Would you repeat the listing below exactly, with no pictures in it?
────────
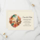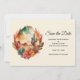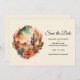 Save the Date Karte mit einer schönen bemalten Abbildung. Grüne Kakteen und braune Berge mit orangefarbenen Wüsten-Blume. Landschaftliches hübsches südwestliches Design.
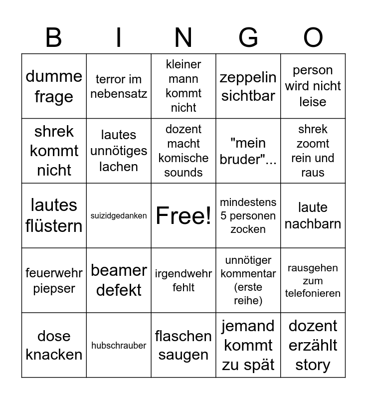 This bingo card has a free space and 28 words: rausgehen zum telefonieren, erste reihe lacht, "mein bruder"..., jemand kommt zu spät, shrek kommt nicht, kleiner mann kommt nicht, terror im nebensatz, feuerwehr piepser, mindestens 5 personen zocken, dose knacken, lautes flüstern, zeppelin sichtbar, hubschrauber, flaschen saugen, shrek zoomt rein und raus, dozent kommt zu spät, beamer defekt, lautes unnötiges lachen, dozent macht komische sounds, irgendwehr fehlt, dumme frage, inhalt wiederholt sich, dozent erzählt story, suizidgedanken, laute nachbarn, unnötiger kommentar (erste reihe), person wird nicht leise and niesen.
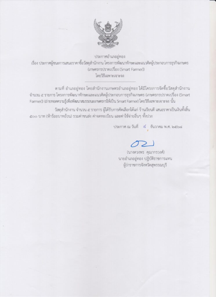 ประกาศผู้ชนะการเสนอราคาซื้อวัสดุสำนักงาน โครงการพัฒนาทักษะและแนวคิดผู้ประกอบธุรกิจเกษตร (เกษตรกรปราดเปรื่อง (Smart Farmer))By uthong / 8 ธันวาคม 2025
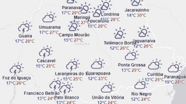 Em Londrina e Apucarana a previsão está na casa dos 15ºC aos 28ºC. Maringá a mínima é de 17ºC e a máxima 27ºC.
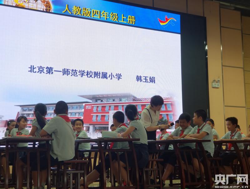 北京市特級教師、北京一師附小副校長韓玉娟在佛山新城一小上示范課。(央廣網(wǎng)發(fā) 主辦方供圖)
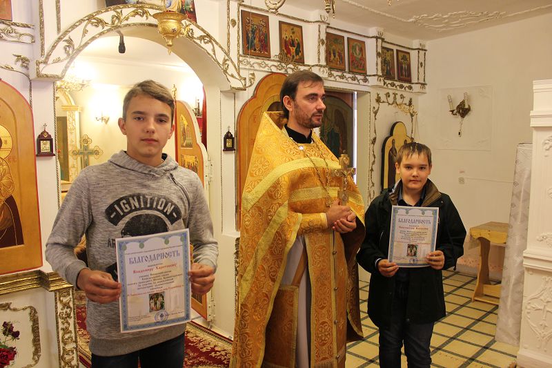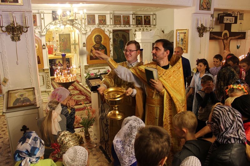Юные прихожане, затаив дыхание, слушали проповедь настоятеля храма, с восторгом и детской непосредственностью принимали святую воду во время окропления. Чистая детская молитва наполнила храм, и лица взрослых посветлели. Батюшка благословил всех присутствующих на успешный учебный год.
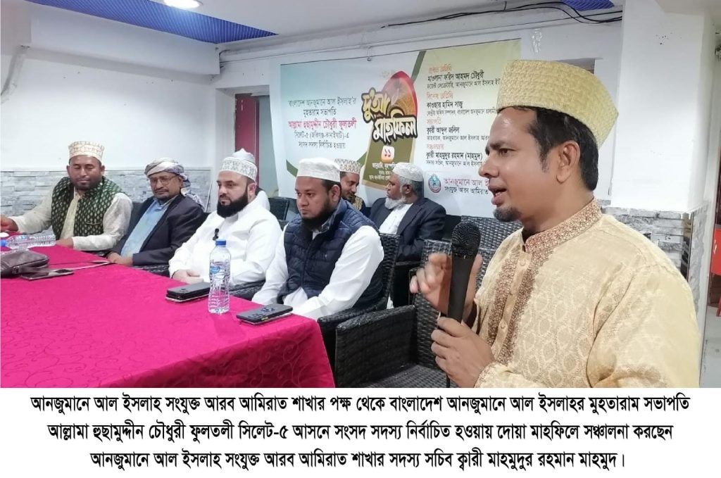 দ্বাদশ জাতীয় সংসদ নির্বাচনে সিলেট -৫ আসনে বাংলাদেশ আনজুমানে আল ইসলাহ’র মুহতারাম সভাপতি মাওলানা মোহাম্মদ হুছামুদ্দীন চৌধুরী ফুলতলী সংসদ সদস্য নির্বাচিত হওয়ায় আনজুমানে আল ইসলাহ সংযুক্ত আরব আমিরাতের পক্ষ থেকে দুআ মাহফিল অনুষ্ঠিত হয়।
────────
| Expected answer |
 Save the Date Karte mit einer schönen bemalten Abbildung. Grüne Kakteen und braune Berge mit orangefarbenen Wüsten-Blume. Landschaftliches hübsches südwestliches Design.
 This bingo card has a free space and 28 words: rausgehen zum telefonieren, erste reihe lacht, "mein bruder"..., jemand kommt zu spät, shrek kommt nicht, kleiner mann kommt nicht, terror im nebensatz, feuerwehr piepser, mindestens 5 personen zocken, dose knacken, lautes flüstern, zeppelin sichtbar, hubschrauber, flaschen saugen, shrek zoomt rein und raus, dozent kommt zu spät, beamer defekt, lautes unnötiges lachen, dozent macht komische sounds, irgendwehr fehlt, dumme frage, inhalt wiederholt sich, dozent erzählt story, suizidgedanken, laute nachbarn, unnötiger kommentar (erste reihe), person wird nicht leise and niesen.
 ประกาศผู้ชนะการเสนอราคาซื้อวัสดุสำนักงาน โครงการพัฒนาทักษะและแนวคิดผู้ประกอบธุรกิจเกษตร (เกษตรกรปราดเปรื่อง (Smart Farmer))By uthong / 8 ธันวาคม 2025
 Em Londrina e Apucarana a previsão está na casa dos 15ºC aos 28ºC. Maringá a mínima é de 17ºC e a máxima 27ºC.
 北京市特級教師、北京一師附小副校長韓玉娟在佛山新城一小上示范課。(央廣網(wǎng)發(fā) 主辦方供圖)
Юные прихожане, затаив дыхание, слушали проповедь настоятеля храма, с восторгом и детской непосредственностью принимали святую воду во время окропления. Чистая детская молитва наполнила храм, и лица взрослых посветлели. Батюшка благословил всех присутствующих на успешный учебный год.
 দ্বাদশ জাতীয় সংসদ নির্বাচনে সিলেট -৫ আসনে বাংলাদেশ আনজুমানে আল ইসলাহ’র মুহতারাম সভাপতি মাওলানা মোহাম্মদ হুছামুদ্দীন চৌধুরী ফুলতলী সংসদ সদস্য নির্বাচিত হওয়ায় আনজুমানে আল ইসলাহ সংযুক্ত আরব আমিরাতের পক্ষ থেকে দুআ মাহফিল অনুষ্ঠিত হয়।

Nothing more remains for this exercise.